[[ WORKING DATA open ]]
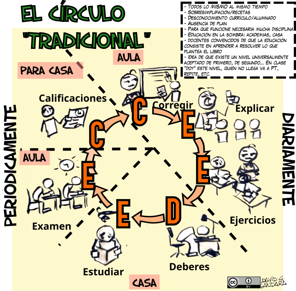 Reconozcamos que la fobia ha calado profundamente en amplios sectores del profesorado, incluso en personas que habían desarrollado una competencia digital suficiente para emplear software libre y entornos virtuales de aprendizaje; y, sobre todo, ha arrasado entre quienes confundían la transformación digital educativa (TDE) con el empleo de libros digitales y pizarras digitales interactivas (PDI) como un simulacro de la tiza, al servicio de la instrucción en bucle: atiende a la explicación, busca la página del libro, haz un resumen, contesta a los ejercicios, corrígelos, crea un mapa conceptual —con suerte—, ejecuta alguna actividad de refuerzo, estudia para el examen, contesta, consulta los errores —con mucha suerte—, refresca lo que no aprendiste, preséntate al examen de recuperación, pasa página (cf. el “círculo tradicional” según David G. Gándara, “¿Existe la innovación en educación”, 2024).
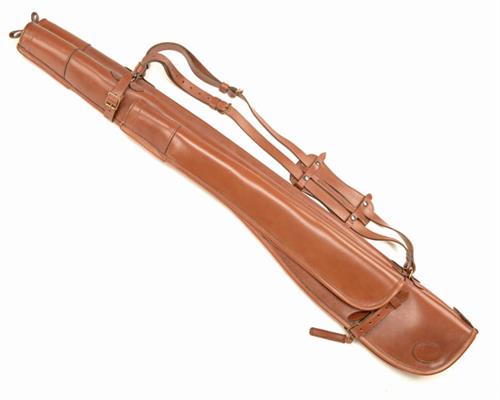 fitted for 32in. barrels, leather shoulder strap, brass fittings
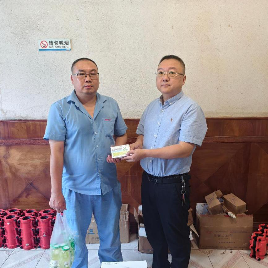 活动当天,剑阁公司党支部委员、工会主席、副总经理韩名泉率工会慰问小组成员先后前往制水厂、在建工地、抄表一线等多个工作现场。每到一处,与员工们亲切交流,详细询问他们的工作情况和身体状况,将一份份饱含关怀的荷香正气液、金银花露等防暑降温物品送到员工手中。
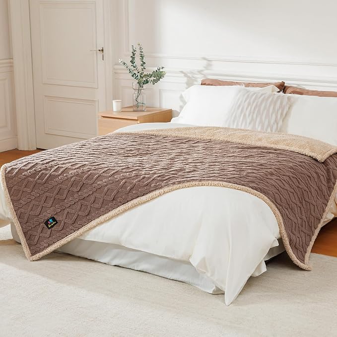 Waterproof Pet Blanket, Liquid Pee Proof Dog Blanket for Sofa Bed Couch, Reversible Sherpa Fleece Furniture Protector Cover for Small Medium Large Dogs Cats, Khaki King Sizeï¼90" x 82"ï¼
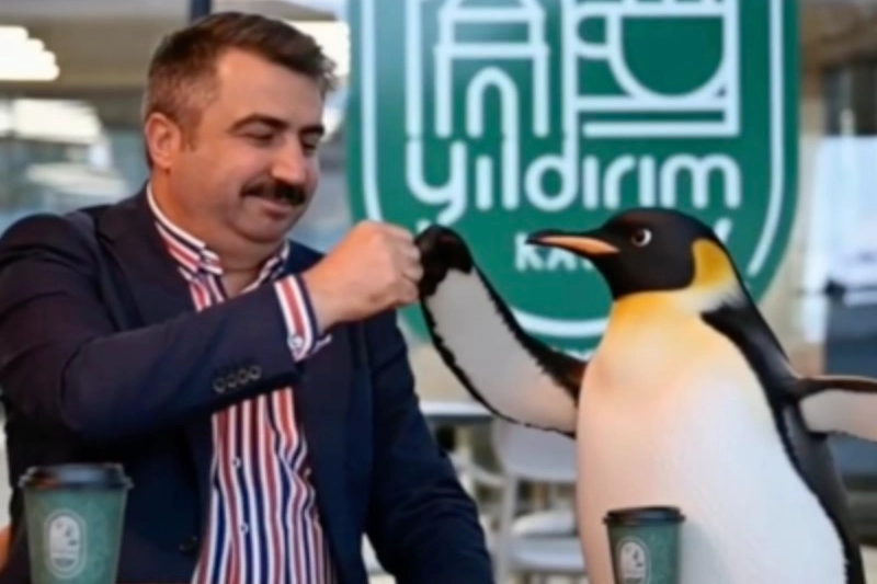 Bursa'nın Yıldırım Belediyesi de "Nereye gittiğini merak edenler olmuş" ifadesini kullanarak görüntü paylaştı. Görüntüde belediyenin tesislerine ve Belediye Başkanı Oktay Yılmaz ile yan yana penguene yer verildi.
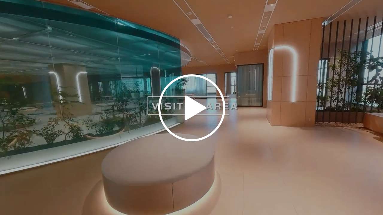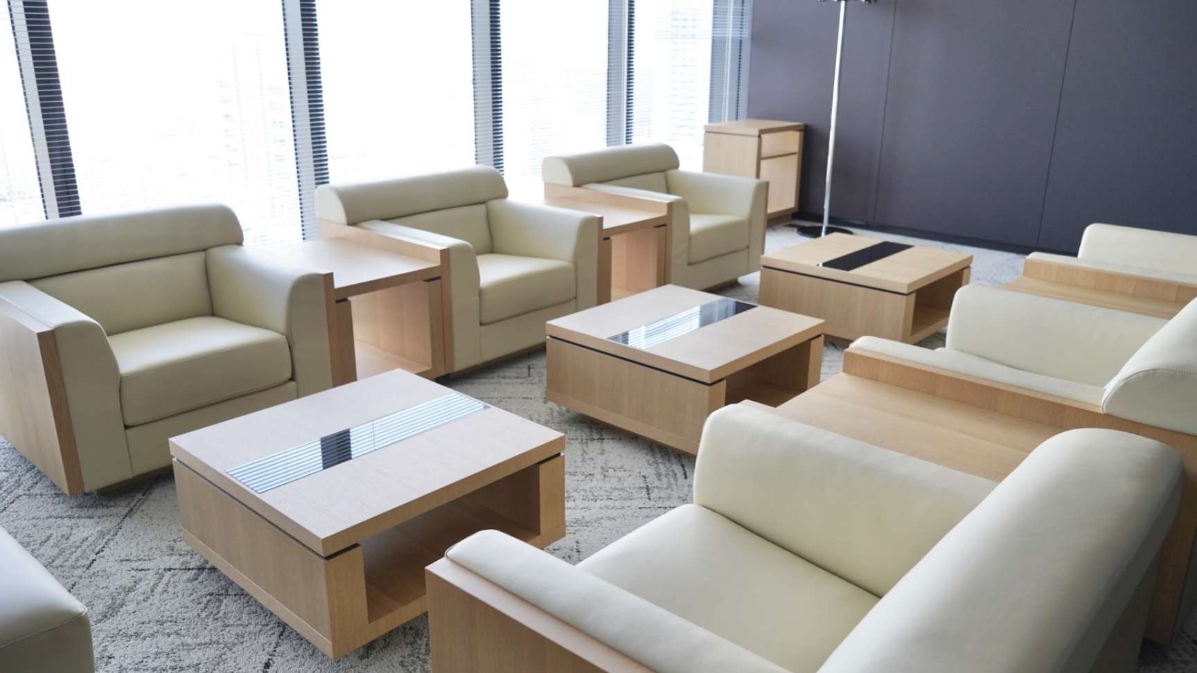 来客フロア 「最も信頼されるパートナーとして世界の顧客を迎える場」をコンセプトに空間全体をアースカラーでまとめています。
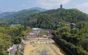 (260403) -- DUJIANGYAN, 3 abril, 2026 (Xinhua) -- Imagen tomada con un dron el 3 de abril de 2026 de personas participando en un festival de liberación de agua llevado a cabo en Dujiangyan, en la provincia de Sichuan, en el suroeste de China. El sistema de riego de Dujiangyan, caracterizado por la desviación de agua sin represas, fue construido en el año 256 a. de C. y es el proyecto de conservación de agua más antiguo y único que se conserva en el mundo, que ha resistido las pruebas de desastres naturales como inundaciones y terremotos, y todavía se utiliza en la actualidad. (Xinhua/Jiang Hongjing) (rtg) (ra) (ce)
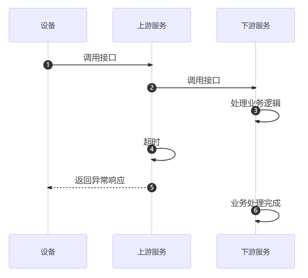 如下图所示,第④步上游服务超时了,下游服务还未执行完,上游服务就返回异常结果给设备了。
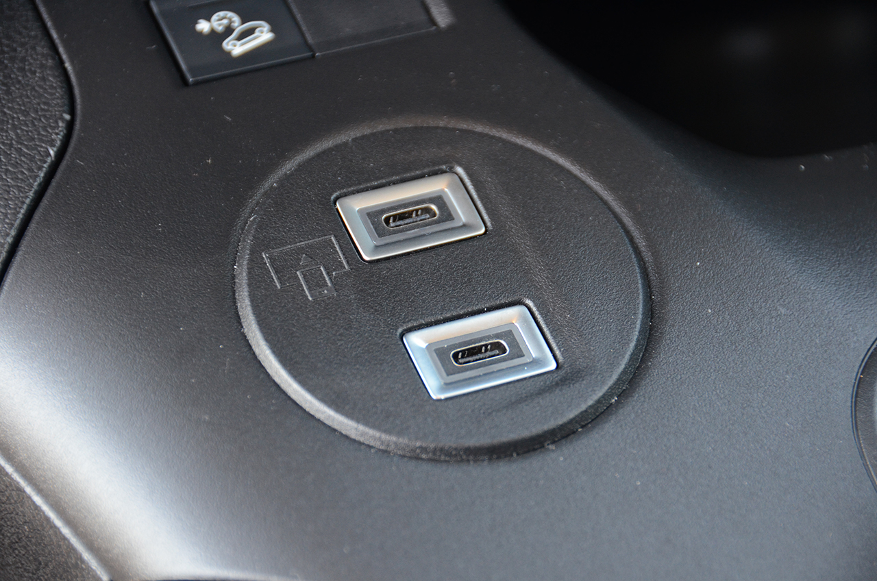 2列目センターシートはダイブダウン式とシートバックだけ倒れるタイプの違い。また2列目にはトレイも装備されるがどちらも華奢なつくりで軽い物しか置けない。
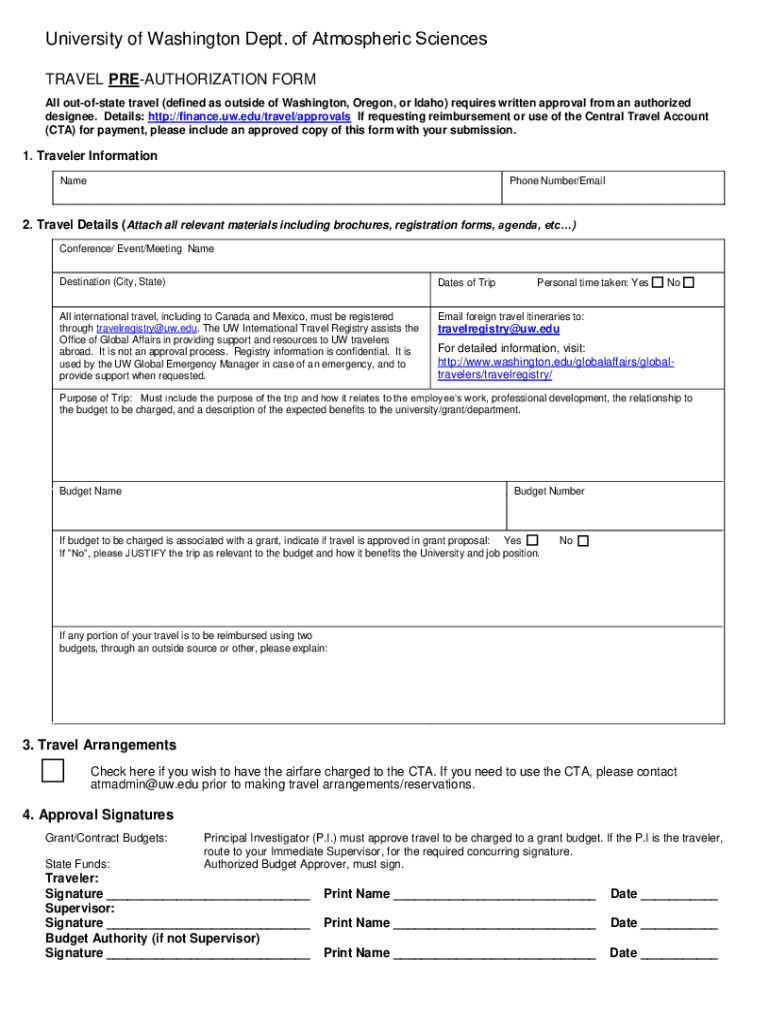 Get the free Atmospheric Sciences Travel Guidelines - atmos.uw.edu - atmos uw
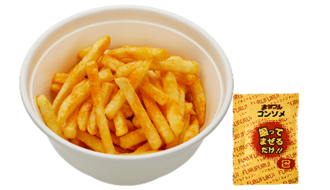 「かっぱの丼ふりポテト」は、丼や専用の袋に店内で揚げたアツアツのフライドポテトとパウダーを入れ、お客様ご自身でふりふりと振って味付けをして仕上げるポテト商品です。ご自身で味付けする楽しさから、おこさまから大人までご好評をいただいています。
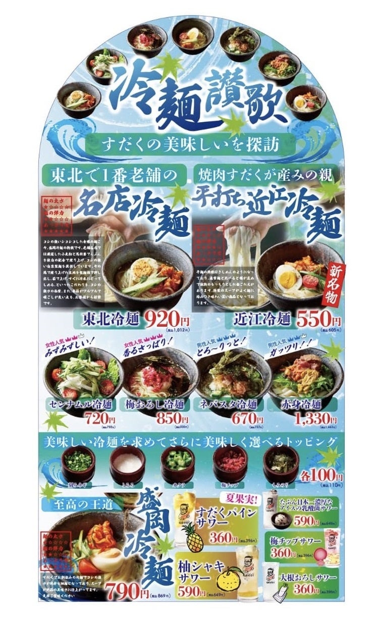 新名物「近江冷麺」をはじめとする、涼やかな夏限定メニューをお楽しみいただけます。焼肉すだくでは、例年、新卒入社若手メンバーによる商品開発が年に4回企画開催されます。
[[ WORKING DATA closed ]]
_EXERCISE GOAL_.
Please set down only the lines from the first line of the records above through the line that has "(260403) -- DUJIANGYAN, 3", exactly, and not the pictures.

_ANSWER SECTION_.
 Reconozcamos que la fobia ha calado profundamente en amplios sectores del profesorado, incluso en personas que habían desarrollado una competencia digital suficiente para emplear software libre y entornos virtuales de aprendizaje; y, sobre todo, ha arrasado entre quienes confundían la transformación digital educativa (TDE) con el empleo de libros digitales y pizarras digitales interactivas (PDI) como un simulacro de la tiza, al servicio de la instrucción en bucle: atiende a la explicación, busca la página del libro, haz un resumen, contesta a los ejercicios, corrígelos, crea un mapa conceptual —con suerte—, ejecuta alguna actividad de refuerzo, estudia para el examen, contesta, consulta los errores —con mucha suerte—, refresca lo que no aprendiste, preséntate al examen de recuperación, pasa página (cf. el “círculo tradicional” según David G. Gándara, “¿Existe la innovación en educación”, 2024).
 fitted for 32in. barrels, leather shoulder strap, brass fittings
 活动当天,剑阁公司党支部委员、工会主席、副总经理韩名泉率工会慰问小组成员先后前往制水厂、在建工地、抄表一线等多个工作现场。每到一处,与员工们亲切交流,详细询问他们的工作情况和身体状况,将一份份饱含关怀的荷香正气液、金银花露等防暑降温物品送到员工手中。
 Waterproof Pet Blanket, Liquid Pee Proof Dog Blanket for Sofa Bed Couch, Reversible Sherpa Fleece Furniture Protector Cover for Small Medium Large Dogs Cats, Khaki King Sizeï¼90" x 82"ï¼
 Bursa'nın Yıldırım Belediyesi de "Nereye gittiğini merak edenler olmuş" ifadesini kullanarak görüntü paylaştı. Görüntüde belediyenin tesislerine ve Belediye Başkanı Oktay Yılmaz ile yan yana penguene yer verildi.
 来客フロア 「最も信頼されるパートナーとして世界の顧客を迎える場」をコンセプトに空間全体をアースカラーでまとめています。
 (260403) -- DUJIANGYAN, 3 abril, 2026 (Xinhua) -- Imagen tomada con un dron el 3 de abril de 2026 de personas participando en un festival de liberación de agua llevado a cabo en Dujiangyan, en la provincia de Sichuan, en el suroeste de China. El sistema de riego de Dujiangyan, caracterizado por la desviación de agua sin represas, fue construido en el año 256 a. de C. y es el proyecto de conservación de agua más antiguo y único que se conserva en el mundo, que ha resistido las pruebas de desastres naturales como inundaciones y terremotos, y todavía se utiliza en la actualidad. (Xinhua/Jiang Hongjing) (rtg) (ra) (ce)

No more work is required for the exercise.